7 thoughts on “First Battle of Bir el Gobi – What Happened There?

  1. Here’s a couple of Italian Ariete f/h accounts on the Nov. 19 Bir el Gobi fight you could bring to bear: Col. Oderisio Taeggi’s DIARIO DI UN COMBATTENTE (Bari, 1946) + Lt. Pietro Ostellino’s letters in Andrea Rebora, ed., CARRI ARIETE COMBATTONO (Rome, 2009). The latter is I think currently available at the Libreria Militare bookstore site. From the other bits and pieces I’ve seen, including some of the unit diaries you mention above, both sides got badly bloodied, with 22nd Armored Brigade getting quite the worst if it. Looks like 22nd might have lost around 60 tanks, with perhaps one-third of these as mechanical breakdowns before and during the battle. What I still cannot find, published or on the net, is any substantial f/h account from a 22nd Armored Brigade tanker…just a fragment here and there. Which may in itself be suggestive: being whipped by the “eyeties” maybe not have been something they’d want to write a lot about.

    • Hi. 60 sounds about right when mechanical failures on the approach march are included. I’d suggest the regimental histories for eyewitness account. They can be had through the regimental museum websites.

      Cheers

      Andreas

    • I did get the 2 RGH history now. There are 1st-hand accounts in it. It also nicely clarifies the situation on their tank losses. 🙂

  2. Dear Sirs,

    my name is Andrea Rebora and I am the writer of “Carri Ariete combattono” published by Prospettiva Editrice in 2009.
    What I tried to do in my book, first of all, was to reconstruct in details the history of the Ram armoured division during his stay in the North of Africa from 1941 to 1943. In order to follow the real facts I read all the letters and authentic papers written by my grandfather Pietro Ostellino who was a lieutenant – tank man involved in this war in that desert land for two years. He fought before using the L3 tank and after the M13 tank.

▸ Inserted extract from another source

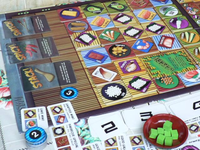 Васаби (Wasabi!) была номинанткой сразу нескольких категорий. Но всё же мы решили, что лучше всего она подходит для строчки № 9 "Игра, связанная с едой". Там были ещё Халли-Галли, Дарджилинг, Шоколадный набор, 100 000 лет до нашей эры, Делиссимо, Фрукто 10, Повелитель закусочных, но они не выдержали конкуренции.

I have emphasized the military operation Crusader and the Bir El Gobi battle in chapter XXI- XXII trying to make a real reconstruction of this fight but following the point of view of the Italian armoured division. The lieutenant Ostellino with a small squad of the 32th tank men and other Ram detachments (twelve L3 tanks and one M13 tank hidden) was subjected to a laughter against the Bir El Gobi garrison troops on the 4th December 1941. The English troop tried to attack for seven times with no success thanks to the efforts of the tank men and fascist division. In one of his letter stopped because of the battle and finished three days after it, Pietro Ostellino was talking about these terrible times.
    In my opinion this is a real and essential testimony about the reconstruction of the Crusader operation.
    It is possible to find and buy my book on line or if you are interested I can send you also by
    e-mail some Italian copies of the pages where I am talking about this battle.
    Thank you very much for your attention.
    Kind Regards to everybody.

    • Caro Andrea

      Grazie mille. Many thanks. It would be very interesting to read your book, and I will see that I can order it.

      With kind regards

      Andreas

  3. Ordered and got a copy of the 2nd Glocestershire book, and it is just what I was looking for in terms of f/h accounts…a real gem. Also obtained Andrea Rebora’s book and it looks to be all red meat as well, tho I haven’t started translating yet.